The algorithm used to produce <ROTI> predictions is a Ridge Regression. A Ridge Regression is a Linear Regression (sum of squares) with a small bias [4]. This results in a significant drop in variance. However, starting with a slightly deficient fit results in an improved long-term prediction since the same pattern that the model was trained on is not memorized. A Ridge Regression is ideal for working with data that shows multicollinearity tendencies, such as <ROTI> data. In comparison, an Ordinary Least Squares (OLS) model treats all variables equally and is unbiased. The OLS model therefore becomes more complex as the number of variables increases. As displayed in Figure 7, the optimal model complexity is at the middle of the plot, where the error is at its lowest. Unlike the OLS model, the regularization parameter of a Ridge Regression can be tuned to change the model’s coefficients and produce more accurate predictions.

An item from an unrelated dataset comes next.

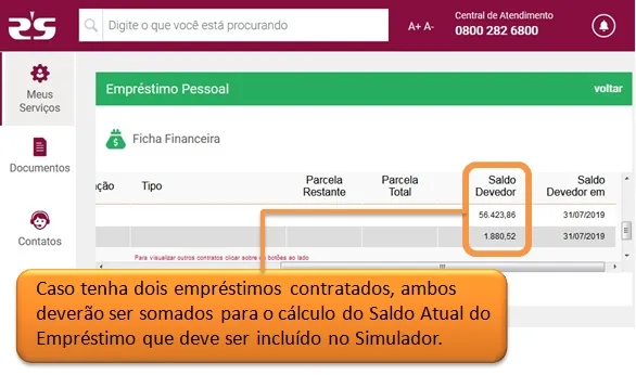 Anote o valor do Saldo Devedor para posterior preenchimento no simulador. Caso tenha dois empréstimos contratados, conforme o exemplo abaixo, some os dois valores.

The Ridge Regression has several variables and parameters:

α = Hyperparameter that determines the regularization strength. The larger the alpha value, the stronger the regularization. A large alpha increases the bias of the model significantly. An alpha value equal to 1 is equivalent to a Linear Regression.
w = Vector of coefficients
B = Regression coefficients to be estimated
e = Error residuals
X = Matrix of independent variables (x)
Y = Dependent variable (prediction)

The Ridge Regression equation, in matrix form, used to calculate desired predictions is shown in (1) [6].

Y = XB + e (1)

The loss function of the Ridge Regression is the linear least squares function, as shown in (2), and the regularization is given by the L2 norm, which calculates the distance of a vector coordinate from the origin of the vector in space. It is equivalent to the OLS model plus α multiplied by the summation of the squared coefficient values [4].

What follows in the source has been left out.